# Dataset section:
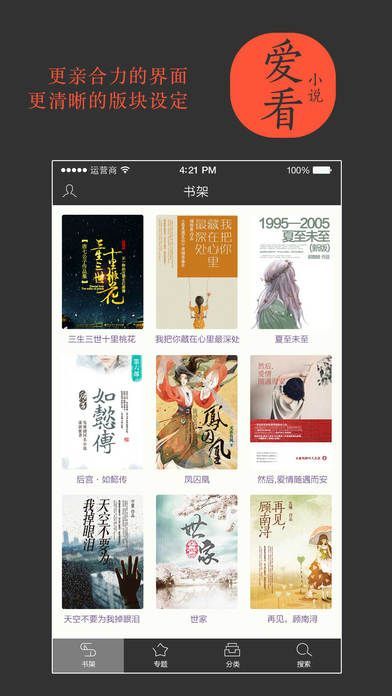 《爱看小说》是一款能让您爱上看小说的书城APP。它内置了海量免费图书,涵盖各种类型,能满足您多样化的阅读需求。软件在画面和操作设计上十分人性化,让您能无忧无虑地享受看书的乐趣,进而爱上阅读。该APP囊括了当下最热门的小说,并且实时更新连载内容。
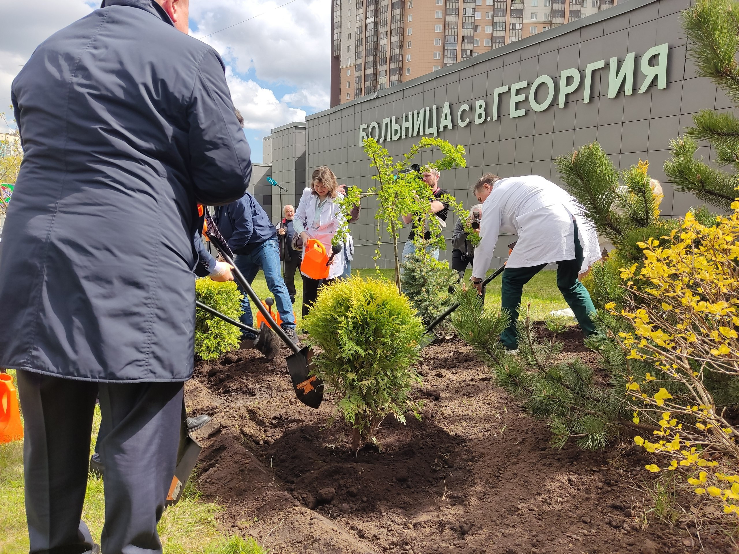 В Георгиевском саду больницы Святого Великомученика Георгия прошла традиционная акция по озеленению территории. В торжественной обстановке были высажены молодые деревья при участии председателя Попечительского совета учреждения Георгия Полтавченко и депутатов Законодательного Собрания Петербурга.
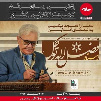 علاقمندان میتوانند از طریق سامانه کنسرت آنلاین کشور (حام) به آدرس اینترنتی www.e-haam.ir این مراسم را در روز جمعه 19 آذر 1395 ساعت 21:30 مشاهده بفرمایند.
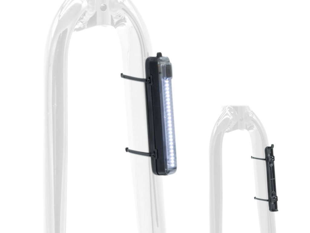 - rozebíratelnou stahovací páskou na kulaté, oválné i hranaté profily nebo popruhy batohů a brašen. Součástí balení je napájecí kabel USB-A / USB-C, 2× šroub M5 s maticí a podložkou, dvě rozebíratelné stahovací pásky (d. 300 × š. 5 mm).

# How to complete this task:
The required output is every line from the beginning of the material above through the line with "علاقمندان میتوانند از", exact and without pictures.

# Result of this exercise:
 《爱看小说》是一款能让您爱上看小说的书城APP。它内置了海量免费图书,涵盖各种类型,能满足您多样化的阅读需求。软件在画面和操作设计上十分人性化,让您能无忧无虑地享受看书的乐趣,进而爱上阅读。该APP囊括了当下最热门的小说,并且实时更新连载内容。
 В Георгиевском саду больницы Святого Великомученика Георгия прошла традиционная акция по озеленению территории. В торжественной обстановке были высажены молодые деревья при участии председателя Попечительского совета учреждения Георгия Полтавченко и депутатов Законодательного Собрания Петербурга.
 علاقمندان میتوانند از طریق سامانه کنسرت آنلاین کشور (حام) به آدرس اینترنتی www.e-haam.ir این مراسم را در روز جمعه 19 آذر 1395 ساعت 21:30 مشاهده بفرمایند.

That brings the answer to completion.